Virtual simulations are not substitutable for the physical world. They are fundamentally different theory problems that have almost no overlap in applicability. You could in principle create a simulation with the same mathematical properties as the physical world but no one has ever done that. I'm not sure if we even know how.
Physical world dynamics are metastable and non-linear at every resolution. The models we do build are created from sparse irregular samples with large error rates; you often have to do complex inference to know if a piece of data even represents something real. All of this largely breaks the assumptions of our tidy sampling theorems in mathematics. The problem of physical world inference has been studied for a couple decades in the defense and mapping industries; we already have a pretty good understanding of why LLM-style AI is uniquely bad at inference in this domain, and it mostly comes down to the architectural inability to represent it.
Grounded estimates of the minimum quantity of training data required to build a reliable model of physical world dynamics, given the above properties, is many exabytes. This data exists, so that is not a problem. The models will be orders of magnitude larger than current LLMs. Even if you solve the computer science and theory problems around representation so that learning and inference is efficient, few people are prepared for the scale of it.

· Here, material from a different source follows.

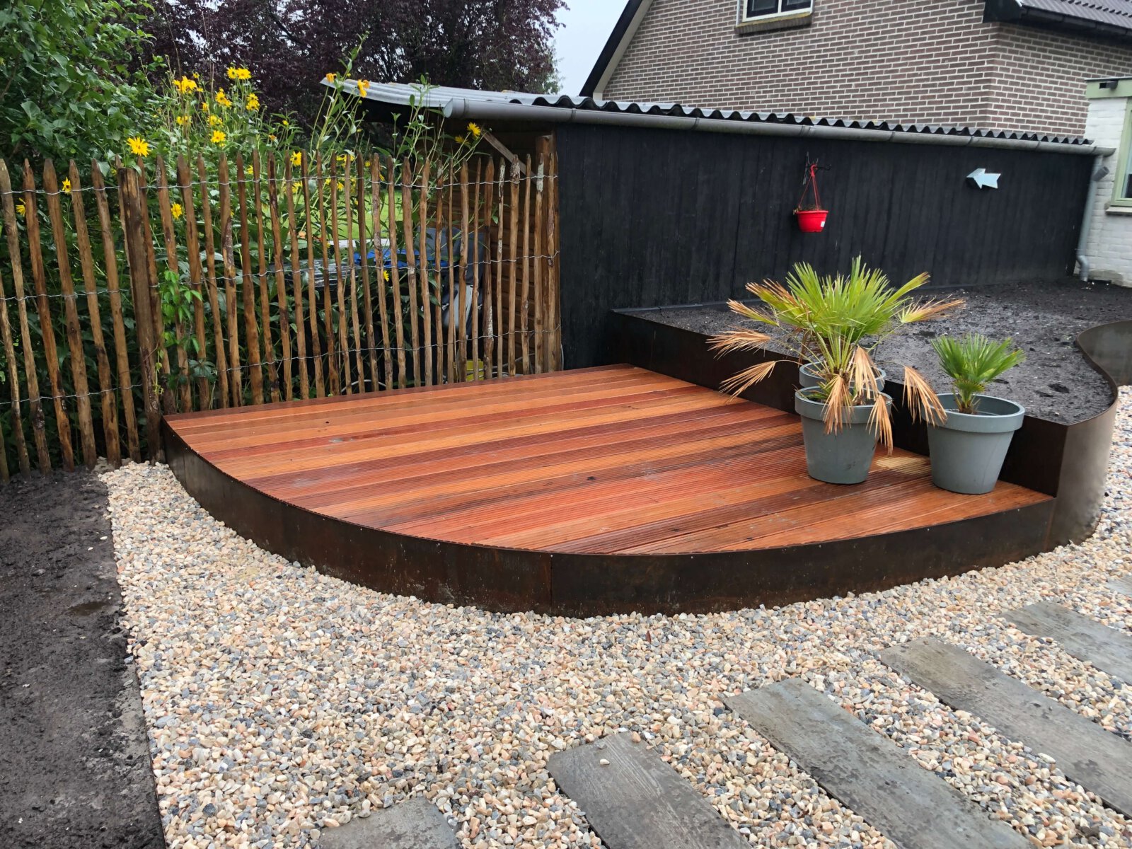 De vlonder is gemaakt van een geprofileerde hardhouten vlonderplank met een natuurlijke uitstraling De fundering is gemaakt van hardhout Angelim Verhelmo 4,5x7cm op piketpalen Azobe 5x5x100cm. Door deze combinatie van hardhouten vlonder en keramisch terras is het een luxe onderhoudsvrije tuin geworden.
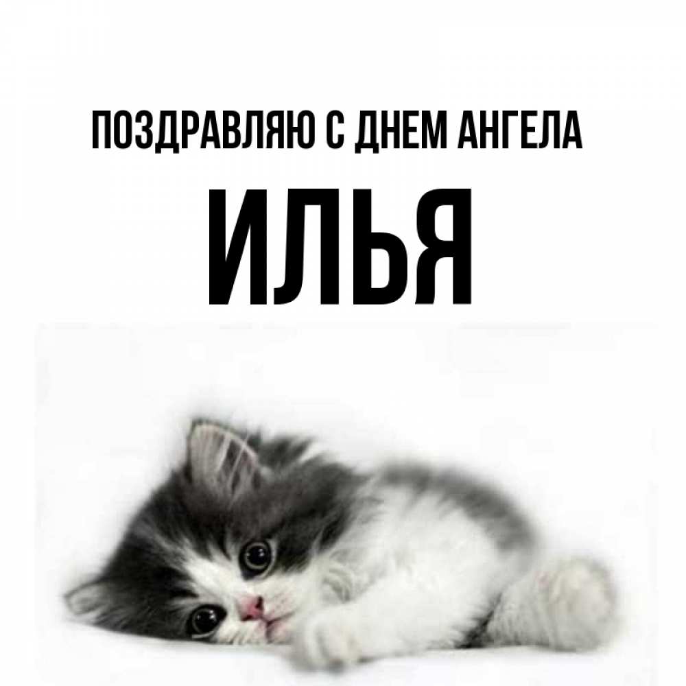 Открытка Поздравляю с днем Ангела Илья. готик. кот лапки

(source: many years doing frontier R&D on these problems)
What do you mean by that? Simulating physics is a rich field, which incidentally was one of the main drivers of parallel/super computing before AI came along.
Reconstructing ground truth from these measurements, which is what you really want to train on, is a difficult open inference problem. The idiosyncratic effects induce large changes in the relationships learnable from the data model. Many measurements map to things that aren't real. How badly that non-reality can break your inference is context dependent. Because the samples are sparse and irregular, you have to constantly model the noise floor to make sure there is actually some signal in the synthesized "ground truth".
In simulated physics, there are no idiosyncratic measurement issues. Every data point is deterministic, repeatable, and well-behaved. There is also much less algorithmic information, so learning is simpler. It is a trivial problem by comparison. Using simulations to train physical world models is skipping over all the hard parts.
I've worked in HPC, including physics models. Taking a standard physics simulation and introducing representative idiosyncratic measurement seems difficult. I don't think we've ever built a physics simulation with remotely the quantity and complexity of fine structure this would require.
The problem is, idk if we're ready to have millions of distinct, evolving, self-executing models running wild without guardrails. It seems like a contradiction: you can't achieve true cognition from a machine while artificially restricting its boundaries, and you can't lift the boundaries without impacting safety.